Proving the obvious.

But I would choose vacation over meditation any time. Seeing the world and
other cultures does a lot for my mental health too.

------
soulnothing
Last year I took two months off between contracts. It was more a staycation,
but realistically it had been over 10 years since my last vacation, or more
than a day off.

That time period did so much to help rejuvinate me and make me better. Working
on personal projects, and other items. Towards the tail end I took on part
time work and was still happier than I had been in years. The biggest thing
was being able to meditate daily. Pick what I want that day, whether it be a
novel, research, or software.

I took an actual vacation this year. I was more stressed, and frazzled going
into it, and even worse coming out. I had just rented my house, and the
vacation was rife with calls from the police about trouble from my tenants,
and missed payments. The travel was also frought with layovers and delays.
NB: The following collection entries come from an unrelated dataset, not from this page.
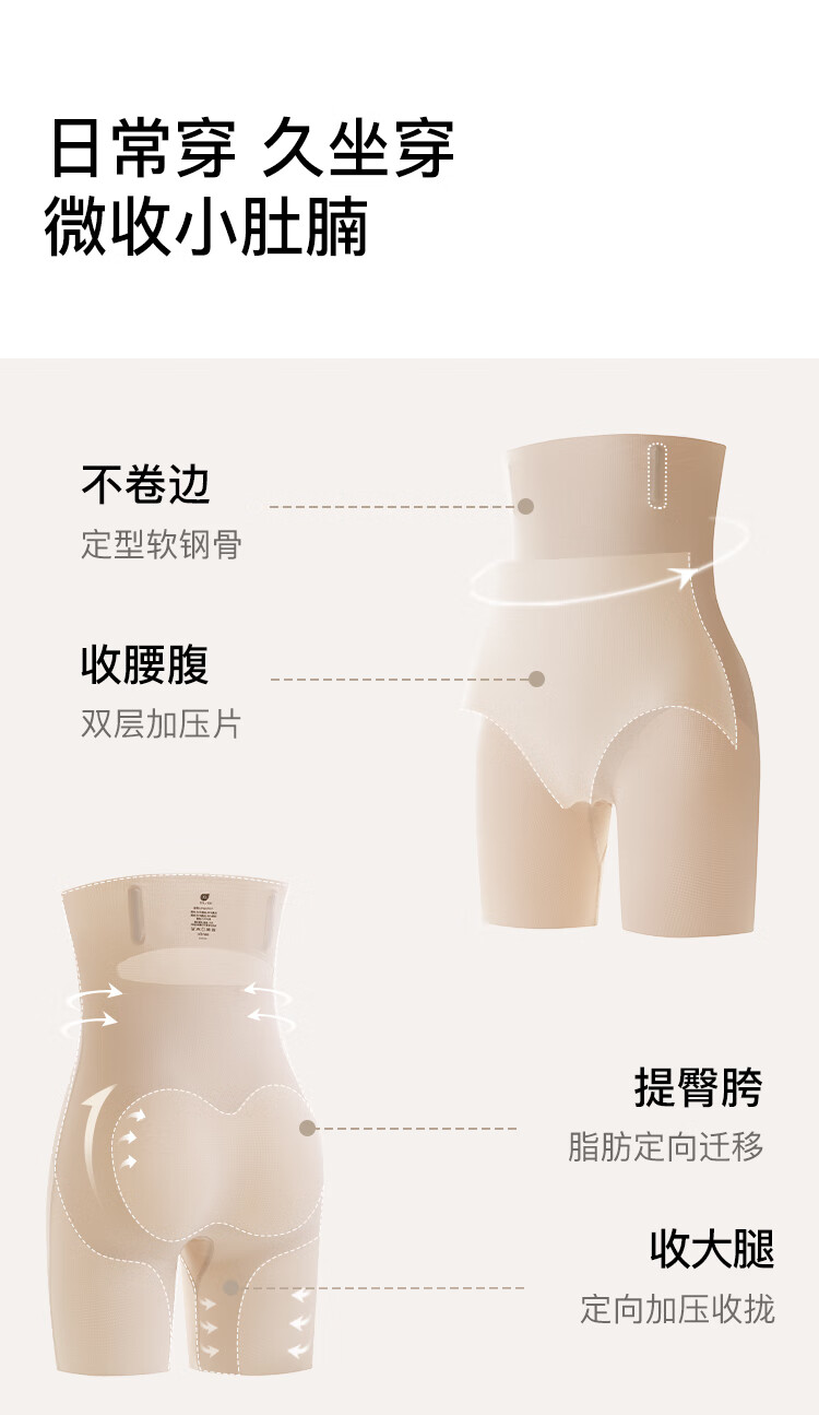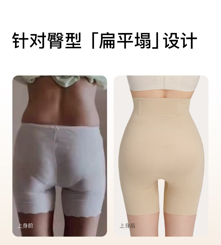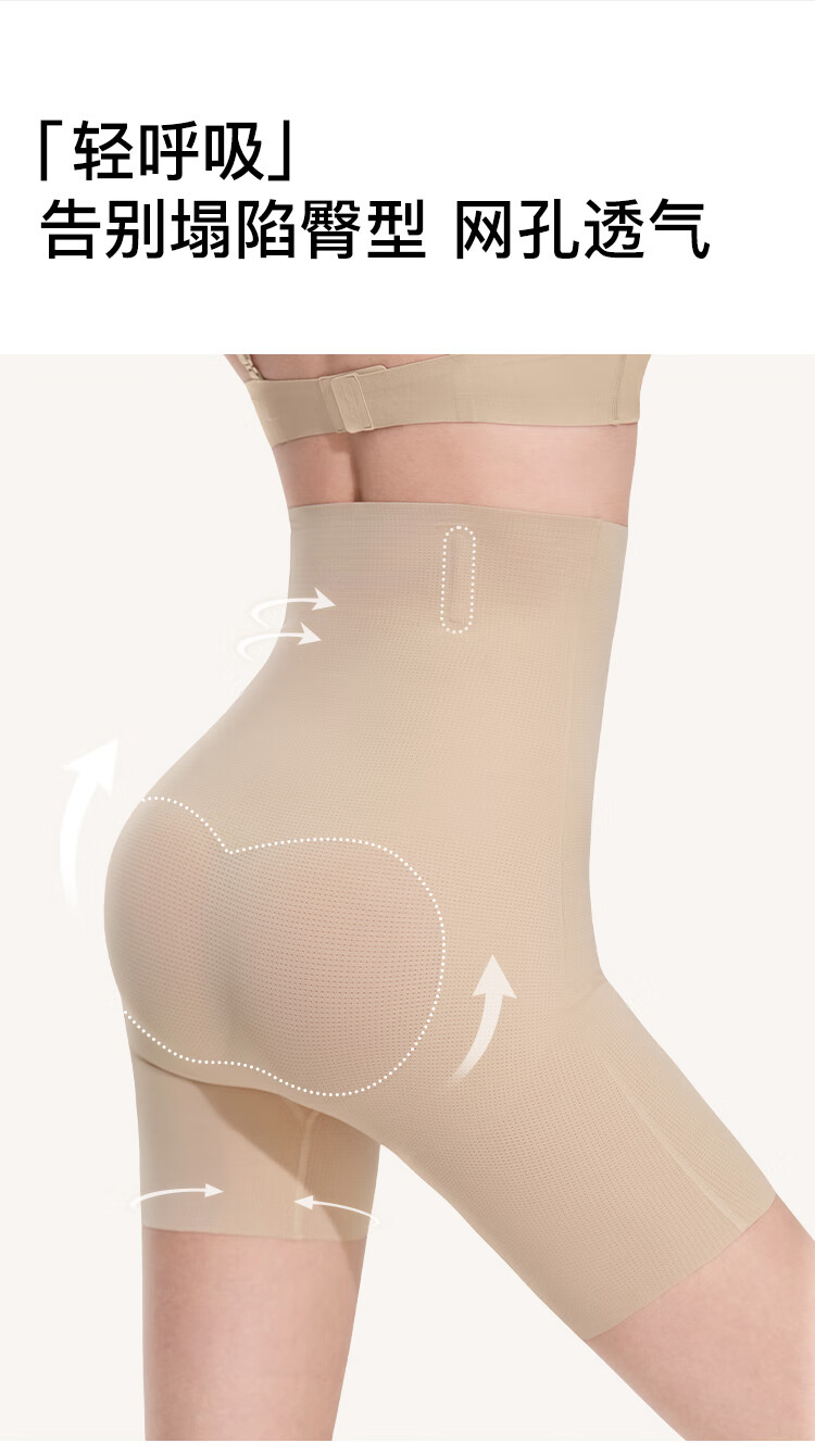 Ubras breathes lightly, traceless, breathable, body-shaping, ultra-high-waisted, butt-lifting and tummy-controlling pants for women, three-quarter body-shaping pants, three-quarter pants-Porcelain Moon Color S
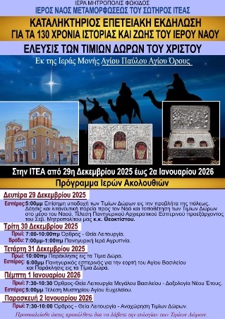 Τα Τίμια Δώρα θα παραμείνουν προς προσκύνηση στον Ιερό Ναό Μεταμορφώσεως του Σωτήρος Ιτέας έως και τις 2 Ιανουαρίου 2026, αποτελώντας πηγή πνευματικής ευλογίας και ενίσχυσης για τους πιστούς της περιοχής και τους προσκυνητές.
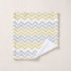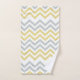 Une serviette de bain moderne et branchée en chevron, aux lignes jaunes et grises en zigzag blanc.
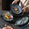 Japanese Style Ceramic Tableware Long Plate Leaf Shaped Sushi Snack Plate Barbecue Plate Fish Plate Restaurant Sushi Dishes

I also meditate, did tai chi, etc. Gym time and meditation was crucial for my
over all well being. But now being one of those mega commuters, which is about
to end. I didn't really have the time. Being crunched for time, it was easier
to reach for a bottle of whiskey to ease my tension. Which is by no means
ideal. I had actually gone dry for three years, and broke that several months
prior.

I've also found my meditation is largely based on relieving stress from work.
Where I'm not fulfilled in the slightest at work. I then meditate to try and
combat that feeling. It's a cyclical cycle.

------
lqdc13
It is not clear from the article if the meditation group stopped meditating or
not.

The headline conclusion only makes sense if nobody in the novice meditation
group meditated after that week.

------
she11c0de
I'm also a big fan of meditation - I believe it changed the way I perceive
every day "threats" and allows me to see the roots of any problem I encounter
instead of just allowing automatic subconscious defense mechanisms to kick in.
That being said, in this study it seems that the experimental group really had
a vacation AND meditation, so I'm not surprised they had better results.

------
peterwwillis
Meditation is about clearing your mind of distractions. A vacation is supposed
to be a chance to see the world and do things you normally wouldn't.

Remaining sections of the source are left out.